Walkups
- Author: Lance Blomgren
- Cover artist: Charles Chalmers
- Language: English
- Genre: Literary fiction Science fiction Documentary
- Publisher: Conundrum Press, Editions Adage
- Publication date: 1 October 2000, 1 April 2007, 30 May 2009
- Publication place: Canada
- Media type: Print (paperback)
- Pages: 114 (paperback)
- ISBN: 0-9685161-7-3
- OCLC: 44943608
- Dewey Decimal: 813/.6 21
- LC Class: PR9199.3.B545 W45 2000
- Followed by: Corner Pieces

= Walkups (novel) =

2000 novella by Lance Blomgren

Walkups is the debut novella by the Canadian author Lance Blomgren, published by Conundrum Press. The first printing quickly sold out following its release, having already been excerpted in various magazines and on the internet. It was followed by a companion piece, Corner Pieces in 2004. The novel has since been translated into French by Éditions Adage, translated by Elizabeth Robert, and published as Walkups: Scènes de la vie Montréalaise. A second printing of the novella was released by conundrum press in May 2009.

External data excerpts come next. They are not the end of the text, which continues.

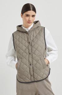 Lightweight matte nylon quilted vest with Thermore® padding and hood
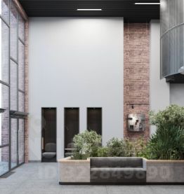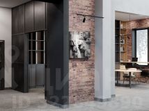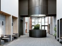 Единая дизайн-концепция продолжается в лобби дома. Сочетание тёплого кирпича с холодным металлом и стеклом создаёт харизматичное, брутальное настроение интерьера парадной группы. Чёткость вертикальных объёмов смягчается округлыми формами стойки ресепшн и декоративных куртин, а большие витражные окна создают иллюзию бесконечности пространства.
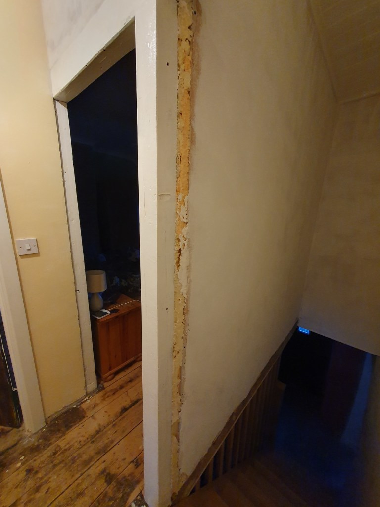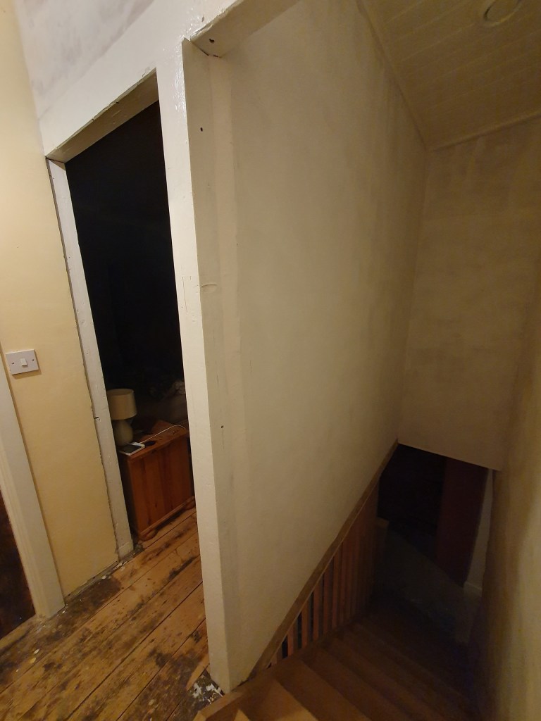 Inside the house, there was some little bits of plastering to do, including behind the piano where we’d moved the radiator, and at the base of the landing wall. Nothing exciting but making things ready to paint.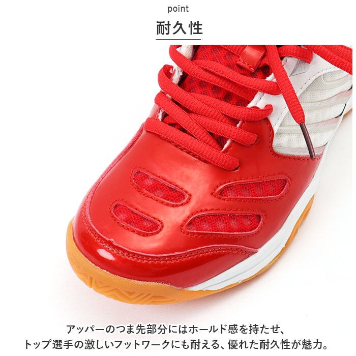 ・アッパーのつま先部分にはホールド感を持たせ、トップ選手の激しいフットワークにも耐える、優れた耐久性が魅力。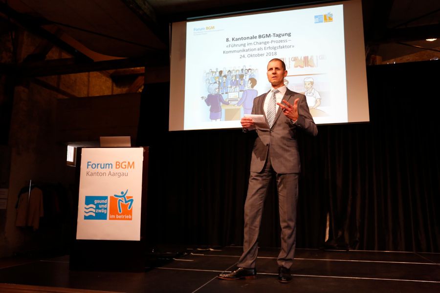 An der 8. Kantonalen BGM-Tagung zum Thema «Führung im Change-Prozess – Kommunikation als Erfolgsfaktor» erhielten die Teilnehmenden fachliche Inputs, Tipps und Anregungen für den Führungsalltag. Rund 160 Personen aus Wirtschaft, Wissenschaft und Politik besuchten den Anlass in Villigen.

The title evokes the typical street-side apartment living of large eastern North American cities in general, and the winding staircases typical to Montreal in particular.

==Content==
The format and structure of the novella is unconventional, written in extremely short chapters with only two recurring characters and interspersed with enigmatic black and white photographs taken by the author, and artist Charles Chalmers.

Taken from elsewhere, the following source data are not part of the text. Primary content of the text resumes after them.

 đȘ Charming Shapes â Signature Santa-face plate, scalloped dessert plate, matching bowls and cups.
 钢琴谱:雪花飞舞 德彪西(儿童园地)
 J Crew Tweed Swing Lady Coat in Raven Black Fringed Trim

Walkups is a novella that takes urban architecture—particularly Montreal row-house architecture—as its primary subject. All chapters, titled only by an address, take place with the walls of different apartments, while the one recurring address, referred to only as the Apts d'amours returns us to the central narrative of the unnamed narrator and his love interest, Jane, a biology student who lives upstairs from him in the same building.

The novel depicts the claustrophobia and cabin fever associated with cold northern climes, as well as the deep psychological weight of personal and public history as represented by our mundane living spaces.

On one hand Walkups acts as a kind of tour guide to the various neighbourhoods of Montreal and a documentary of various, while simultaneously telling a story of a love affair within the walls of an apartment building that is seemingly alive.

== Reception ==
Walkups was reviewed in the Toronto newspaper Eye Weekly, twice in Broken Pencil magazine (in 2001 and 2010), The Gazette of Montreal, the Montreal Review of Books, and The Danforth Review.

As literary critic Kevin Connolly points out in his article in Eye Weekly, Walkups shares some similarities with work of Mark Danielewski and Roman Polanski's film, The Tenant.